As a residential designer in Renton, I feel compelled to respond to a recent letter to the editor. My goal as a designer is to produce the best home solution for my client. This may or may not include fire sprinklers but does consider their “bottom line” and safety. Fire sprinkler systems are good to have but should not always be required.
The writer’s obvious bias against the Master Builder’s Association (MBA) seems to have affected his math abilities. If a fire sprinkler system costs one-half percent of a new home’s price, that would average $2,000 in a $400,000 home. The actual installed cost averages over $8,000. Spread it over a 30-year loan and it doubles to $16,000. The savings one can expect from homeowners insurance on a $400,000 home would be about $100 per year. $16,000/$100 equals a 160-year payoff. This alone is “economic grounds” to avoid sprinklers.

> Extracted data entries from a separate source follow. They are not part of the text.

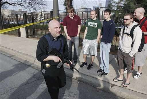 A University of Illinois at Chicago police officer walks with a weapon past students Friday after the school received a report of a possible gunshot near the Student Services Building. Associated Press
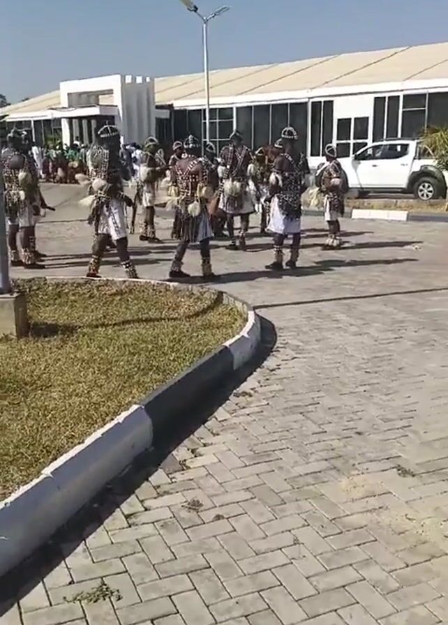 A group of drummers in traditional dress are performing outside a white building on a sunny day. They are wearing elaborate headdresses and patterned clothing, and they each carry a drum. A man in a suit walks behind them. There is a crowd of people in the background, and a white pickup truck is parked nearby. The ground is paved with bricks, and there is a patch of grass near the camera.
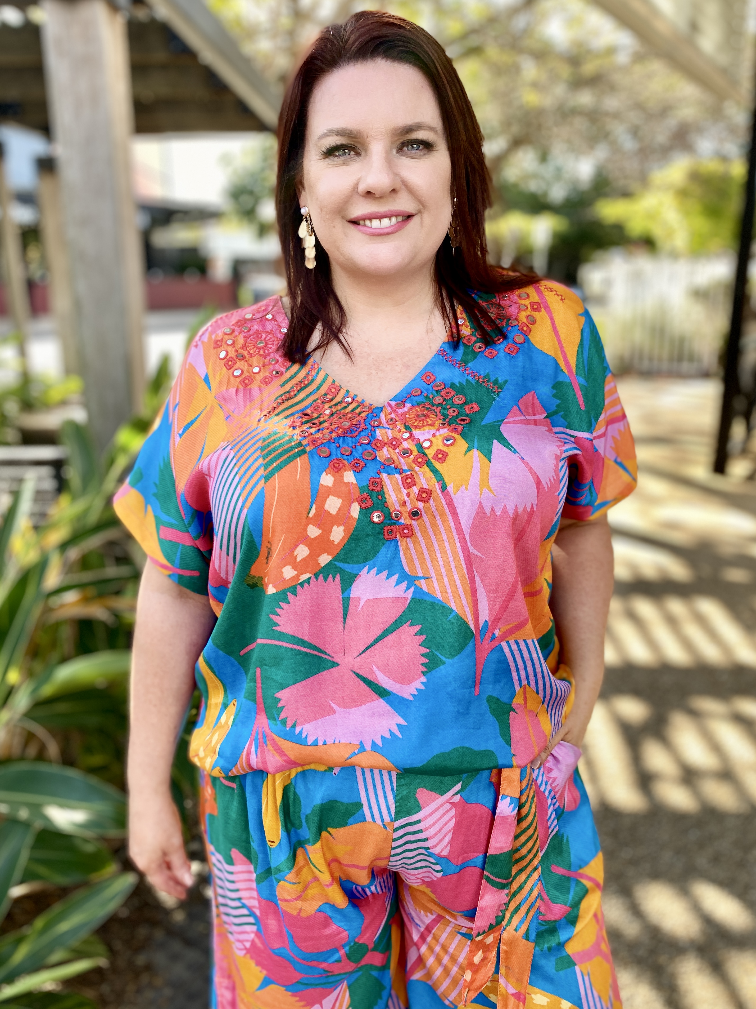 Step into a dream with the breathtaking Emelia V Short Sleeve Top. Awaken your inner soul and bask in the vibrant allure of colour that awakens a playful spirit of this perfect addition to your summer wardrobe, blending style and ease!

Keep in mind that residential fire-sprinkler systems are not fire-suppression systems. While they may put out a small fire directly in their path, they are specifically designed to increase the escape time occupants have before the fire gets beyond its control. This effectively negates fire and water damages as a cost variable. Fire marshals can and do require fire sprinklers wherever the fire department cannot respond to or gain complete access to, regardless of a city’s codes.
New homes within four to six minutes of a fire department (most of us), with all of today’s required life-safety technology, are not unsafe. To expect that a builder must “eat” the cost of a sprinkler system shows ignorance in construction and basic economics. The additional cost, with the contractor’s typical markup, will be added onto the house’s cost, guaranteeing higher-cost homes. Water departments will have to redesign their systems to provide increased availability, adding costs to everyone with or without sprinkler systems. It is an enhancement and will be marketed that way, forcing up the basic cost of any new home.
Forced requirement of sprinklers in every new home is an additional and unnecessary intrusion of government into our daily lives that is not yet economically irrelevant as the writer attempted to promote. Have an escape plan; test your smoke detectors monthly and keep them working; learn to use extinquishers;if you can afford it, put in sprinklers, and use common scense to avoid fire hazards.